Existing microservice resource scheduling approaches struggle to adapt to the dynamic evolution of runtime call graphs, often resulting in either resource wastage or violations of service-level objectives (SLOs). This work reveals, for the first time, the high concentration of invocation paths in large-scale production environments and introduces a joint optimization framework based on structural fingerprint decomposition and pattern-aware modeling. By identifying stable backbones and deviating subgraphs within call graphs through structural fingerprints, and integrating invocation pattern clustering to predict workload distributions, the proposed method constructs a global resource allocation model that satisfies end-to-end tail-latency SLOs. Evaluated on the TrainTicket benchmark, the approach reduces CPU consumption by 35–38% compared to state-of-the-art baselines while maintaining a 98.8% SLO compliance rate.

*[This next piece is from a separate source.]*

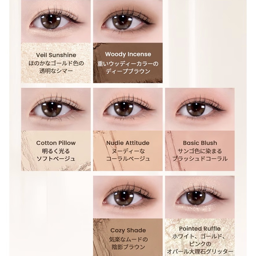- <01 オフベージュ> VEILSUNSHINE (1.8g)タルク、合成フルオロフロゴバイト、リンゴ酸ジイソステアリル、酸化チタン、トリ(カプリル酸/カプリン酸)グリセリル、イソステアリン酸水添ヒマシ油、ナイロン‐12、ミリスチン酸Mg、マイカ、ステアリン酸Mg、ポリメタクリル酸メチル/ カプリリルグリコール、カプリル酸グリセリル、赤色酸化鉄、エチルヘキシルグリセリン、黄色酸化鉄、酸化スズ、カルミン、黒色酸化鉄、トリエトキシカブリリルシラン、トコフェロール WOODY INCENSE(1.8g)タルク、マイカ、黄色酸化鉄、黒色酸化鉄、赤色酸化鉄、ポリメタクリル酸メチル、ラウロイルリシン、ジメチコン、ステアロイルオキシステアリン酸オクチルドデシル、リンゴ酸イソステアリル、水添野菜油、ミリスチン酸イソセチル、カプリリルグリコール、カプリル酸グリセリル、トリエトキシカプリリルシラン、エチルへキシルグリセリン、水添レシチン、トコフェロール COTTON PILLOW(1.8g)タルク、酸化チタン、マイカ、ポリメタクリル酸メチル、ラウロイルリシン、ジメチコン、黄色酸化鉄、ステアロイルオキシステアリン酸オクチルドデシル、リンゴ酸ジイソステアリル、水添野菜油、ミリスチン酸イソセチル、カプリリルグリコール、赤色酸化鉄、カプリル酸グリセリル、黒色酸化鉄、トリエトキシカプリリルシラン、エチルへキシルグリセリン、水添レシチン、トコフェロール NUDIE ATTITTUDE(11,7g)タルク、酸化チタン、マイカ、ポリメタクリル酸メチル、ラウロイルリシン、黄色酸化鉄、ジメチコン、赤色酸化鉄、ステアロイルオキシステアリン酸オクチルドデシル、リンゴ酸ジイソステアリル、水添野菜油、ミリスチン酸イソセチル、カブリリルグリコール、黒色酸化鉄、カブリル酸グリセリル、トリエ トキシカプリリルシラン、エチルヘキシルグリセリン、水添レシチン、トコフェロール BASIC BLUSH(1.7g)タルク、マイカ、ポリメタクリル酸メチル、酸化チタン、ラウロイルリシン、グンジョウ、赤色酸化鉄、ジメチコン、黄色酸化鉄、ステアロイルオキシステアリン酸オクチルドデシル、リンゴ酸ジイソステアリル、水添野菜油、黒色酸化鉄、ミリスチン酸イソセチル、カプリル酸グリコール、トリエトキシカプリリルシラン、カプリル酸グリセリル、エチルへキシルグリセリン、水添レシチン、カオリン、トコフェロール COZY SHADE(1.8g)タルク、マイカ、酸化チタン、ボリメタクリル酸メチル、黄色酸化鉄、赤色酸化鉄、ラウロイルリシン、黒色酸化鉄、ジメチコン、ステアロイルオキシステアリン酸オクチルドデシル、リンゴ酸ジイソステアリル、水添野菜油、ミリスチン酸イソセチル、グンジョウ、カプリリルグリコール、カプリル酸グリセリル、トリエトキシカプリリルシラ、エチルヘキシルグリセリン、水添レシチン、トコフェロール POINTED RUFFLE(1.5g)タルク、ホウケイ酸(Ca/AI)、ジメチコン、ポリメチルシルセスキオキサン、トリ(カプリ酸/カプリン酸)グリセリル、フェニルトリメチコン、リンゴ酸ジイソステアリル、ステアリン酸Mg、ホウケイ酸(Ca/チタン)、(ジメチコン/ビニルジトリメチコン)クロスポリマー、酸化チタン、カプリリルグリコール、カプリ酸グリセリル、エチルヘキシルグリセリン、酸化スズ、合成フルオロフロゴパイト、シリカ、赤色酸化鉄、黄色酸化鉄、トリエトキシカプリリルシラン、トコフェロール <02 ウォッシュドモーヴ> GLEAMING SATIN(1.6g)合成フルオロフロゴバイト、タルク、酸化チタン、ホウケイ酸(Ca/チタン)、トリエチルヘキサノイン、トリイソステアリン酸ポリグリセリルー2 、マイカ、ミリスチン酸Mg、ナイロン—12、イソステアリン酸水添ヒマシ油,ステアリン酸Mg 、ポリメタクリル酸メチル、赤色酸化鉄、カプリリルグリュール、カプリル酸グリセリル、エチルヘキシルグリセリン、酸化スズ、トュフェロール UNEVEN SHAPE(1.8g) タルク、黒色酸化鉄、マイカ、ポリメタクリル酸メチル、赤色酸化鉄、黄色酸化鉄、ラウロイルリシン、ジメチコン、ステアロイルオキシステアリン酸オクチルドデシル、リンゴ酸ジイソステアリル、水添野菜油,赤202、ミリスチン酸イソセチル、カプリリルグリコール、カプリル酸グリセリル、エチルヘキシルグリセリン、水添レシチン,トリエトキシカプリリルシラン、トコフェロール MUTEDCOTTON(1,7g)タルク、酸化チタン、マイカ、ポリメタクリル酸メチル、ラウロイルリシン、ジメチコン、赤色酸化鉄、グンジョウ、ステアロイルオキシステアリン酸オクチルドデシル、リンゴ酸ジイソステアリル、水添野菜油、ミリスチン酸イソセチル、カプリリルグリコール、黒色酸化鉄、カプリル酸グリセリル、エチルヘキシルグリセリン、黄色酸化鉄、トリエトキシカプリリルシラン、水添レシチン、トコフェロール FADEDMOOD(1.7g)タルク、マイカ、酸化チタン、ポリメタクリル酸メチル、赤色酸化鉄、ラウロイルリシン,黒色酸化鉄、ジメチコン、ステアロイルオキシステアリン酸オクチルドデシ

Modern microservice systems exhibit continuous structural evolution in their runtime call graphs due to workload fluctuations, fault responses, and deployment activities. Despite this complexity, our analysis of over 500,000 production traces from ByteDance reveals a latent regularity: execution paths concentrate around a small set of recurring invocation patterns. However, existing resource management approaches fail to exploit this structure. Industrial autoscalers like Kubernetes HPA ignore inter-service dependencies, while recent academic methods often assume static topologies, rendering them ineffective under dynamic execution contexts. In this work, we propose Morphis, a dependency-aware provisioning framework that unifies pattern-aware trace analysis with global optimization. It introduces structural fingerprinting that decomposes traces into a stable execution backbone and interpretable deviation subgraphs. Then, resource allocation is formulated as a constrained optimization problem over predicted pattern distributions, jointly minimizing aggregate CPU usage while satisfying end-to-end tail-latency SLOs. Our extensive evaluations on the TrainTicket benchmark demonstrate that Morphis reduces CPU consumption by 35-38% compared to state-of-the-art baselines while maintaining 98.8% SLO compliance.